Читать книгу Auf den Punkt gebracht - Lotte Tobisch - Страница 22

Weihnachtsmann und Christkindl

Оглавление

Nach zwei Monaten Besatzungszeit sind wir diesen wattbärtigen Riesenmann mit seinem Rentierschlitten samt den selig-fröhlichen Ihr Kinderlein, kommet-Geräuschen wieder für ein Jahr los. Und man wünscht sich, dass er diesmal auch seinen Halloween-Kürbiskopf mitnehmen möge und dass dann die Gemeinde Wien schleunigst die Stadt von den Resten der zurückgelassenen Fressbuden und Ramschstandln reinigt, die sie für teures Geld den Händlern vermietet, als wäre die Stadt ihr Eigentum.

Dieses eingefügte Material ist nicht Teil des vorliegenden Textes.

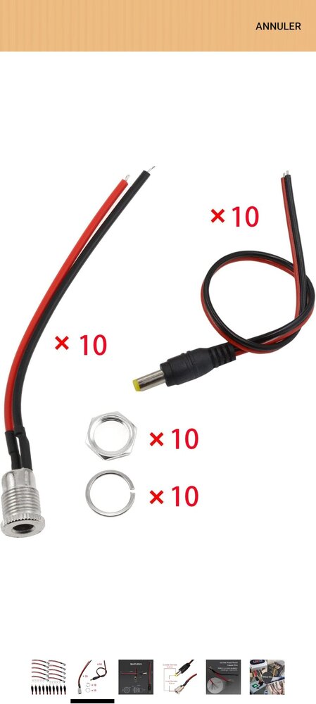 Bonjour à tous, je vous contacte car j ai un soucis avec ma monture. Celestron a eu la bonne idee de mettre une "sécurité " sur son port d alimentation femelle constitué d un pas de vis pour bloquer la fiche mâle. Le soucis est qu avec le froid, je suppose que le tout se contracte et en voulant enlever mon alimentation, le port a "tourné " avec ma fiche mâle et depuis ma monture ne fonctionne plus. J ai donc démonté le cache et j ai constaté que les câbles électriques se sont enroulés et se sont par la meme arrachés. J ai essayé de ressouder tout ça avec un résultat sur le moment concluant mais, apres 2 sorties, ma monture ne fonctionne plus à nouveau et j ai donc constaté que ma soudure n avait pas tenu. Je cherche donc a remplacer le câblage électrique avec sa fiche par du neuf. Hors, impossible de trouver la piece (quoi si, aux USA pour 30 dollars pièce, mais l entreprise ne repond pas...). La prise est du 5,5 X 2,1 5A mais je ne sais pas si il faut que je fasse attention a d autres caractéristiques pour avoir la bonne piece et ne pas tout flinguer. J ai deja eu une reponse de Medas pour la réparation, ils n expédient pas la piece, il me faudrait envoyer toute ma monture pour qu'ils puissent eux la réparer, rien que l envoi est plus cher que la pièce... Je ne sais pas si je suis tres clair mais qui quelqu'un a deja eu un soucis analogue et a une solution ce serait super. Je mets en photo le port de base que je ne trouve pas (sauf aux USA comme indiqué) et ce que je pensais prendre pour réparer tout ca

Habe ich nicht irgendwo ungläubig gelesen, dass wir angesichts einer Islam-Bedrohung das christliche Abendland verteidigen müssen? Und verkündigt nicht die Weihnachtsgeschichte, ganz unabhängig davon, ob man sie als eine göttliche Offenbarung oder eine Menschheitsdichtung erkennt, eine der zentralen Botschaften des Abendlandes? So oder so: Ob Gott die Menschen oder die Menschen Gott erfunden haben − mit der Geschichte des Kindes von Bethlehem beginnt das Wunder der jüdisch-christlichen Kultur des Abendlandes. Und darum sollte man den importierten Weihnachtsmann hinauswerfen und den Kleinen ihren Altersgenossen, das Wiener Christkindl, wiederschenken.

Am Anfang der Weihnachtsgeschichte war die Werbung. Mit den cherubinischen Worten »Fürchtet euch nicht, denn siehe, ich verkünde euch eine große Freude, die dem ganzen Volk zuteilwerden soll« war es um die Stille der Weihnacht geschehen. Der Teufel war los, als sich die Menschen infolgedessen auf den Weg machten, um das Verkündigte zu sehen.

Die himmlische Werbestrategie von einst wirkt bis heute nach. Durch die Weihnachtswerbung entsteht nicht zufällig ein der ursprünglichen Bedeutung des Wortes »Werbung« etymologisch entsprechendes »Wirbeln« der Gesellschaft, in der sich wochenlang alles um das bevorstehende Fest dreht. Frieden und Versöhnung sind nach wie vor verlockende Angebote, um sich auf das Heil versprechende Fest einzulassen.

Seltsamerweise wird jedoch die Weihnachtsgeschichte, die Geschichte von der Geburt Jesu, in den Evangelien nach Markus und Johannes nicht erzählt. Noch seltsamer, da das Wort, das am Anfang gottgleich bei Gott war, laut dem Evangelisten Johannes durch die Geburt des Kindes Fleisch geworden ist.

Warum die Evangelisten Markus und Johannes von diesem freudig staunenden Willkommensgruß der Welt, den wir Weihnachten nennen, keine Notiz nahmen, bleibt ein weihnachtliches Geheimnis, mit dem wir uns heute näher auseinandersetzen sollten. Warum wollten sie nicht über dieses im Judentum stattfindende Initialereignis für das Christentum berichten? Wir wissen es nicht und können darüber nur spekulieren. Ich jedenfalls könnte mir vorstellen, dass sie den »Wirbel« um Weihnachten prophetisch ahnten und dem Christkind die Gefahr, in diesem Wirbelsturm verloren zu gehen, ersparen wollten.